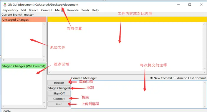 在克隆出来的仓库文件夹右键选择Git GUI Here
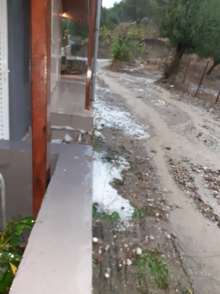 Σφοδρή κακοκαιρία επικρατεί στην περιοχή μας. Ο δυνατός αέρας έφερε και σφοδρή χαλαζόπτωση και προκάλεσε μεγάλες καταστροφές σε ελιές και άλλες καλλιέργειες.
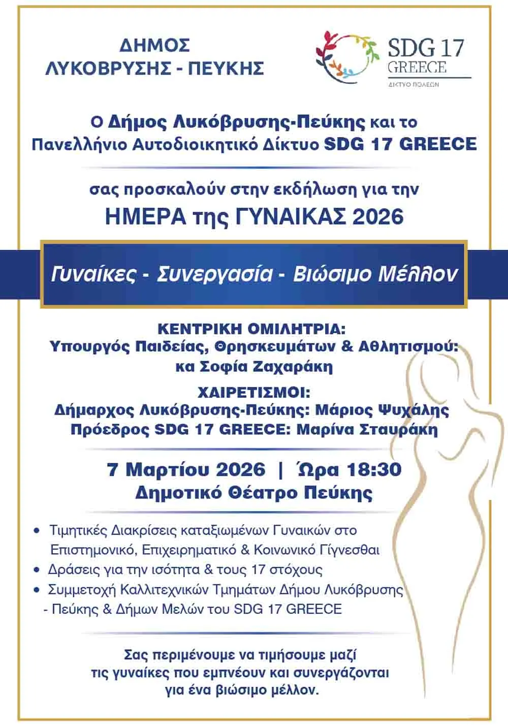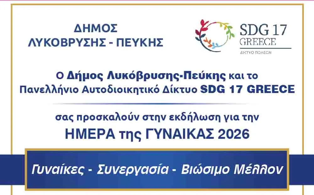 Ο Δήμος Λυκόβρυσης-Πεύκης σε συνεργασία με το Πανελλήνιο Αυτοδιοικητικό Δίκτυο SDG17 Greece διοργανώνει εκδήλωση με αφορμή την Παγκόσμια Ημέρα της Γυναίκας, το Σάββατο 7 Μαρτίου 2026 και ώρα 18:30 στο Δημοτικό Θέατρο Πεύκης.

## EXERCISE DIRECTIONS
From the material above, copy everything exactly but the pictures.

## ANSWER TO THIS EXERCISE
 在克隆出来的仓库文件夹右键选择Git GUI Here
 Σφοδρή κακοκαιρία επικρατεί στην περιοχή μας. Ο δυνατός αέρας έφερε και σφοδρή χαλαζόπτωση και προκάλεσε μεγάλες καταστροφές σε ελιές και άλλες καλλιέργειες.
 Ο Δήμος Λυκόβρυσης-Πεύκης σε συνεργασία με το Πανελλήνιο Αυτοδιοικητικό Δίκτυο SDG17 Greece διοργανώνει εκδήλωση με αφορμή την Παγκόσμια Ημέρα της Γυναίκας, το Σάββατο 7 Μαρτίου 2026 και ώρα 18:30 στο Δημοτικό Θέατρο Πεύκης.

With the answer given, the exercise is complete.